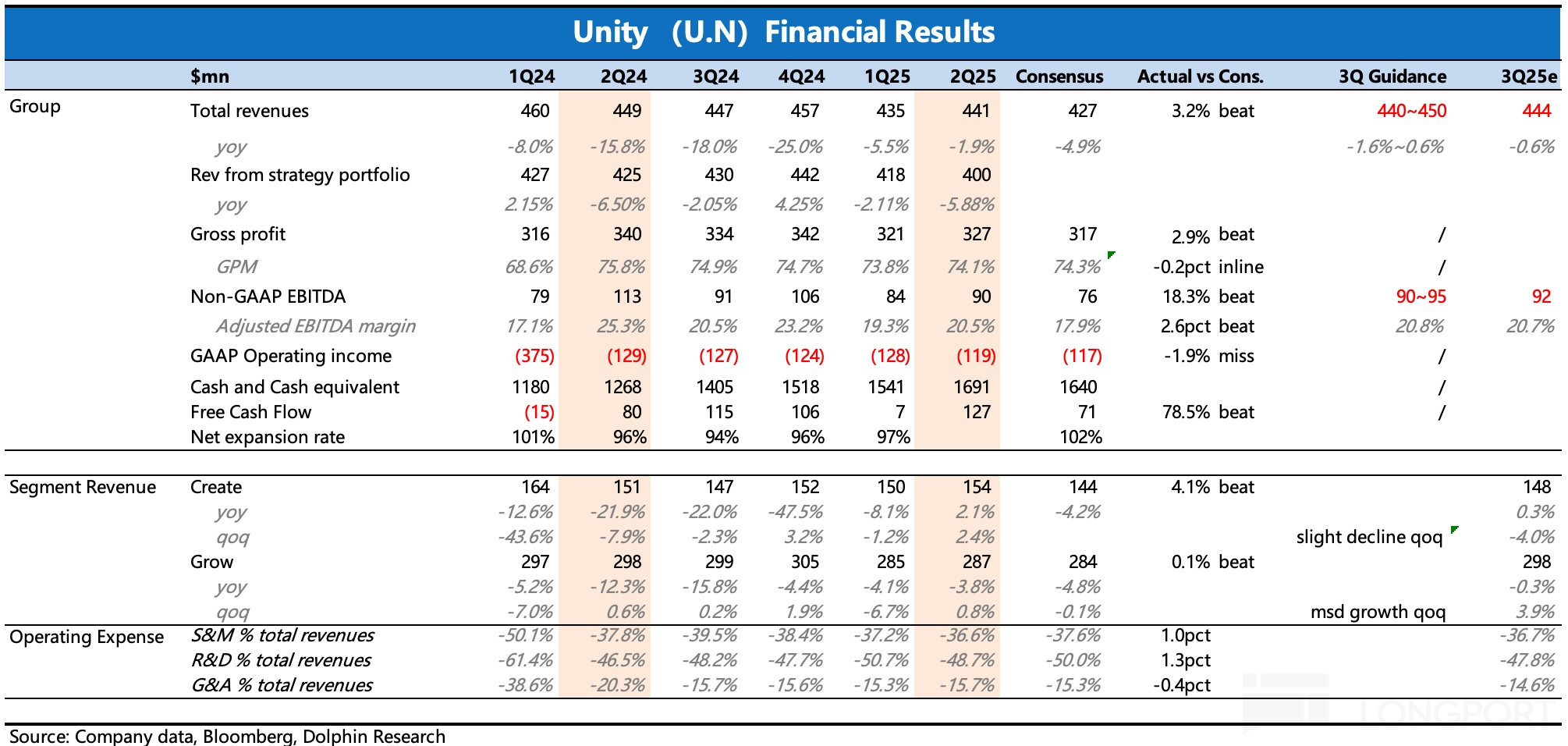 - Unity Software 發佈 2025 年二季度業績,整體符合預期。
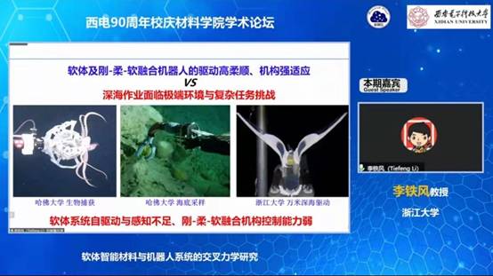 李铁风教授的报告题目为《软体智能材料与机器人系统的交叉力学研究》,报告中,他向大家介绍了软物质的概念与软体机器人的产生背景,结合团队项目讲解了“人工肌肉”驱动原理与控制策略,分析了深海极端环境下新型材料的设计合成,为深海机器人的设计思路带来了革命性的突破。李铁风教授依据“深海狮子鱼”仿生启发提出系统压力自适应构造原理的相关研究成果已发表在国际顶级期刊《Nature》并作为封面论文刊登。报告结束后,线上线下的听众均表示李铁风教授的报告令人大开眼界,研究成果做到了“将论文写进祖国的深海里”。
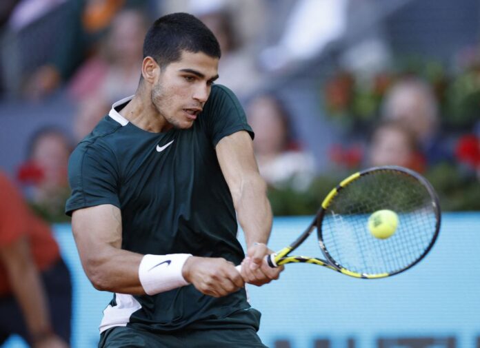 Spain’s Carlos Alcaraz Garfia in action during the final against Germany’s Alexander Zverev at Caja Magica, Madrid May 8, 2022. — Reuters pic

#####

## [The problem]
Set down all of the material word for word, but keep each picture out.

## [Completed exercise]
 - Unity Software 發佈 2025 年二季度業績,整體符合預期。
 李铁风教授的报告题目为《软体智能材料与机器人系统的交叉力学研究》,报告中,他向大家介绍了软物质的概念与软体机器人的产生背景,结合团队项目讲解了“人工肌肉”驱动原理与控制策略,分析了深海极端环境下新型材料的设计合成,为深海机器人的设计思路带来了革命性的突破。李铁风教授依据“深海狮子鱼”仿生启发提出系统压力自适应构造原理的相关研究成果已发表在国际顶级期刊《Nature》并作为封面论文刊登。报告结束后,线上线下的听众均表示李铁风教授的报告令人大开眼界,研究成果做到了“将论文写进祖国的深海里”。
 Spain’s Carlos Alcaraz Garfia in action during the final against Germany’s Alexander Zverev at Caja Magica, Madrid May 8, 2022. — Reuters pic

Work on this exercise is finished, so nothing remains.